**Work to complete**. Reproduce every entry that follows word for word, but omit the images.

**Data for this exercise**.
______

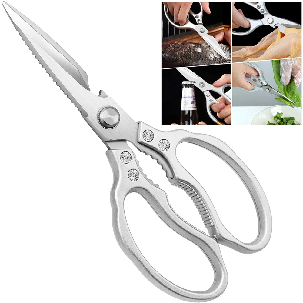 【Многофункциональные кухонные ножницы 】: кухонные ножницы хорошо работают во всех основных кухонных задачах, таких как резка курицы/птицы, мяса, овощей, свежих фруктов, трав, шоколада и даже струн, упаковка и стебли цветов. Встроенный открывалка для бутылок удобен. Попробуйте нарезать начинку для салата, Разрежьте пиццу, удалите пятна от продукта. Вы можете использовать его для наружных задач, таких как обрезка кустов роз, обрезка ветвей, резка картона, бумаги и жесткого пластика.
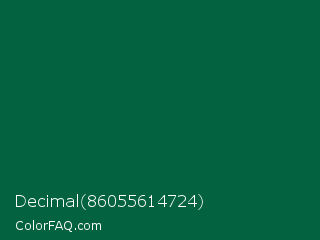 Decimal 86055614724 Color is a very dark green color and the nearest color is Cadmium Green #006b3c. Hex code #036240 and RGB value is rgb(3,98,64). In RGB color space, this color is composed of 1% red, 38% green, 25% blue, In CMYK color space, this color is composed of 97% cyan, 0% magenta, 35% yellow , 62% black , In HSL color space, this color has a hue angle of 159° , 94% saturation and 20% lightness.
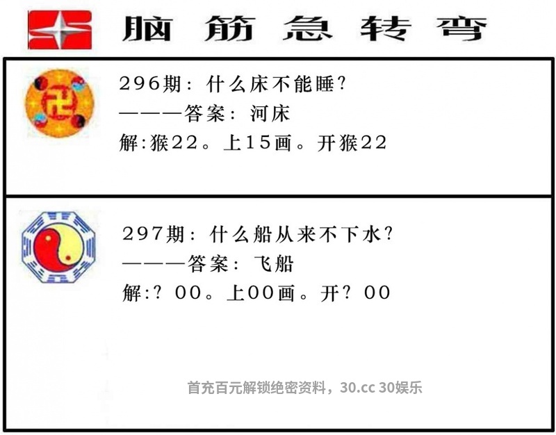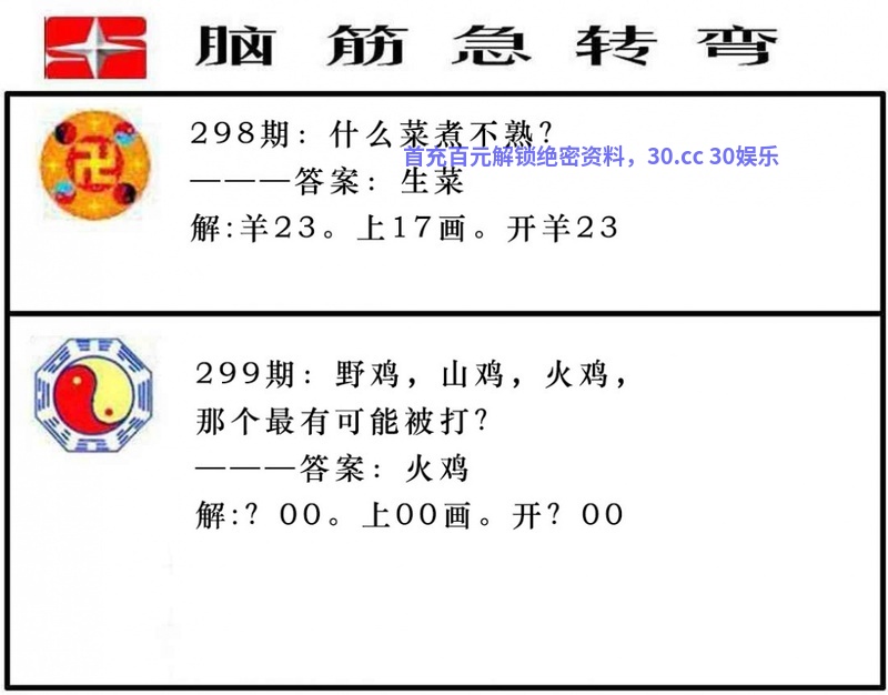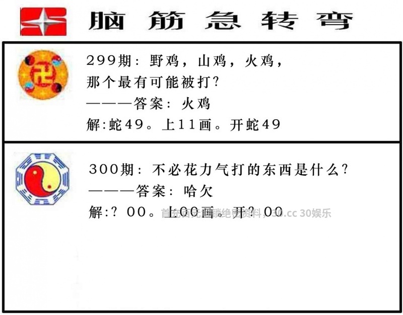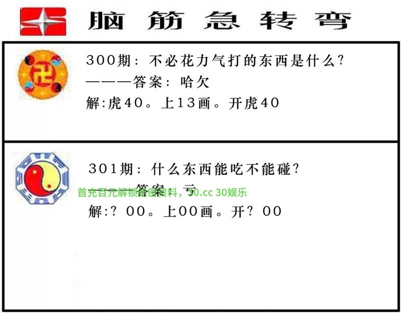 302期:猜字谜/有一说一诗/包不同送特/黄大仙欲钱料/最老版开门
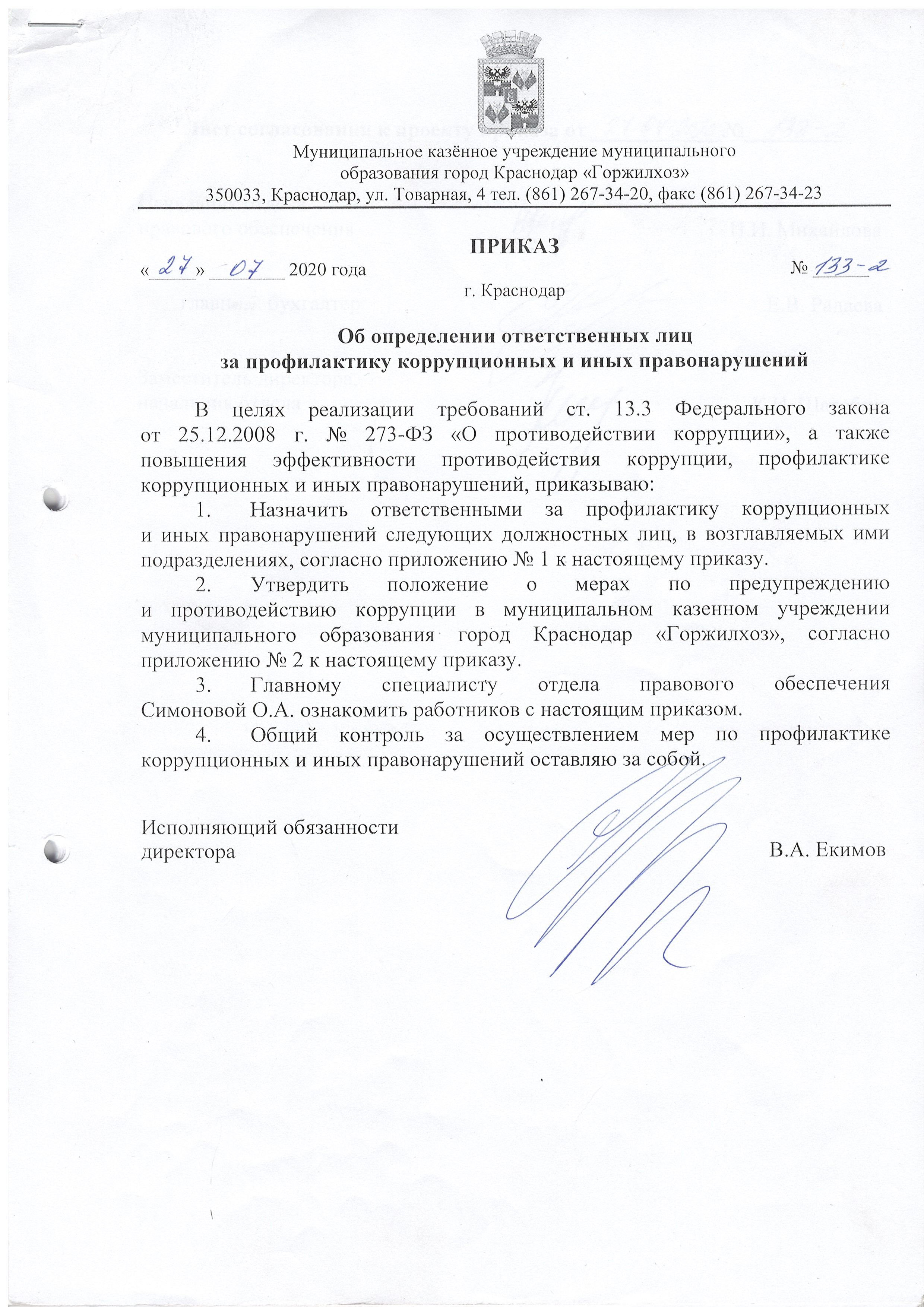 Приказы Учреждения в сфере противодействия коррупции
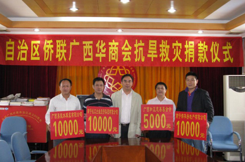4月2日上午,广西壮族自治区侨联举行了广西侨联、广西华商会抗旱救灾捐款仪式。广西壮族自治区侨联机关、广西华商会、广西华侨爱心基金会的全体干部群众,广西华商会会员企业——广西易能水煤浆有限公司、南宁澳华房地产有限公司、南宁长江企业投资集团有限公司、广西和正慈善基金会共捐款4.5万元。
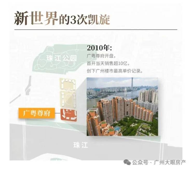 2010年,凯旋新世界广粤尊府首开,当天销售超10亿,一举创下广州楼市的最高单价记录。也正是这一年,广州楼价达到历史巅峰,涨幅为38%。
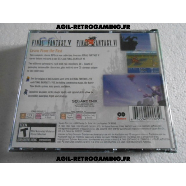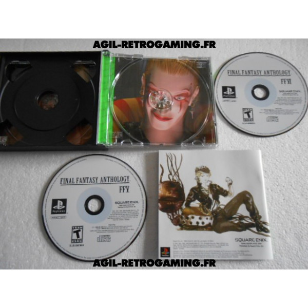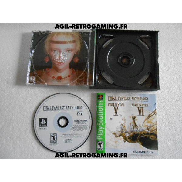 Final Fantasy Anthology PS1 en version US est une compilation de 2 jeux Final Fantasy à savoir : Final Fantasy V et Final Fantasy VI sortie en 1999 sur Playstation (à la différence de la version européenne qui contient Final Fantasy IV et Final Fantasy V).

______

**Response to this task**.
 【Многофункциональные кухонные ножницы 】: кухонные ножницы хорошо работают во всех основных кухонных задачах, таких как резка курицы/птицы, мяса, овощей, свежих фруктов, трав, шоколада и даже струн, упаковка и стебли цветов. Встроенный открывалка для бутылок удобен. Попробуйте нарезать начинку для салата, Разрежьте пиццу, удалите пятна от продукта. Вы можете использовать его для наружных задач, таких как обрезка кустов роз, обрезка ветвей, резка картона, бумаги и жесткого пластика.
 Decimal 86055614724 Color is a very dark green color and the nearest color is Cadmium Green #006b3c. Hex code #036240 and RGB value is rgb(3,98,64). In RGB color space, this color is composed of 1% red, 38% green, 25% blue, In CMYK color space, this color is composed of 97% cyan, 0% magenta, 35% yellow , 62% black , In HSL color space, this color has a hue angle of 159° , 94% saturation and 20% lightness.
 302期:猜字谜/有一说一诗/包不同送特/黄大仙欲钱料/最老版开门
 Приказы Учреждения в сфере противодействия коррупции
4月2日上午,广西壮族自治区侨联举行了广西侨联、广西华商会抗旱救灾捐款仪式。广西壮族自治区侨联机关、广西华商会、广西华侨爱心基金会的全体干部群众,广西华商会会员企业——广西易能水煤浆有限公司、南宁澳华房地产有限公司、南宁长江企业投资集团有限公司、广西和正慈善基金会共捐款4.5万元。
 2010年,凯旋新世界广粤尊府首开,当天销售超10亿,一举创下广州楼市的最高单价记录。也正是这一年,广州楼价达到历史巅峰,涨幅为38%。
 Final Fantasy Anthology PS1 en version US est une compilation de 2 jeux Final Fantasy à savoir : Final Fantasy V et Final Fantasy VI sortie en 1999 sur Playstation (à la différence de la version européenne qui contient Final Fantasy IV et Final Fantasy V).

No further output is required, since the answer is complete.